** Opening Data section block **

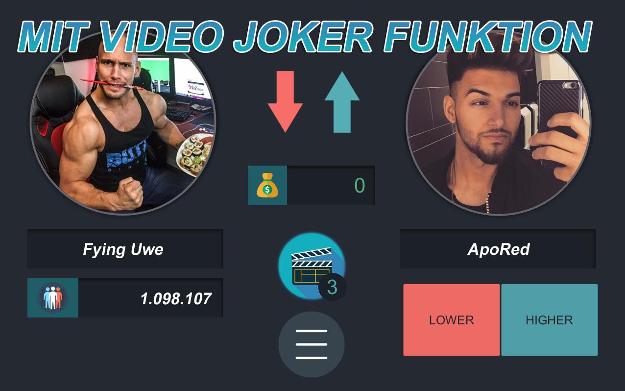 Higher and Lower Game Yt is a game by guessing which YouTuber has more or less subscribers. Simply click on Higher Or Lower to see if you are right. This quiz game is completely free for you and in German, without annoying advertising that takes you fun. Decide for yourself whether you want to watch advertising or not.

** Closing Data section block **
** Opening Data section block **

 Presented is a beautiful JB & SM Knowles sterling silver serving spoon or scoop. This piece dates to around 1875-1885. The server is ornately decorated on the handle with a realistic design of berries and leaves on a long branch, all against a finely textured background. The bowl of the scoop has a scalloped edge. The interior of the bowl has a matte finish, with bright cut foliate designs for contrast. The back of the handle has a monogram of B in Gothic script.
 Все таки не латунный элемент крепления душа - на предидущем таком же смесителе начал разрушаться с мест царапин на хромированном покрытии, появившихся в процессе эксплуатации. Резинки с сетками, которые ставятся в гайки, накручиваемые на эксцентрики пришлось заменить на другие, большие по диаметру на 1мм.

** Closing Data section block **

**Exercise objective:** Using the entries above, return exactly the lines from the line with "Presented is a" to the line with "Все таки не", counting both of those lines.

**Answer to the exercise:**
 Presented is a beautiful JB & SM Knowles sterling silver serving spoon or scoop. This piece dates to around 1875-1885. The server is ornately decorated on the handle with a realistic design of berries and leaves on a long branch, all against a finely textured background. The bowl of the scoop has a scalloped edge. The interior of the bowl has a matte finish, with bright cut foliate designs for contrast. The back of the handle has a monogram of B in Gothic script.
 Все таки не латунный элемент крепления душа - на предидущем таком же смесителе начал разрушаться с мест царапин на хромированном покрытии, появившихся в процессе эксплуатации. Резинки с сетками, которые ставятся в гайки, накручиваемые на эксцентрики пришлось заменить на другие, большие по диаметру на 1мм.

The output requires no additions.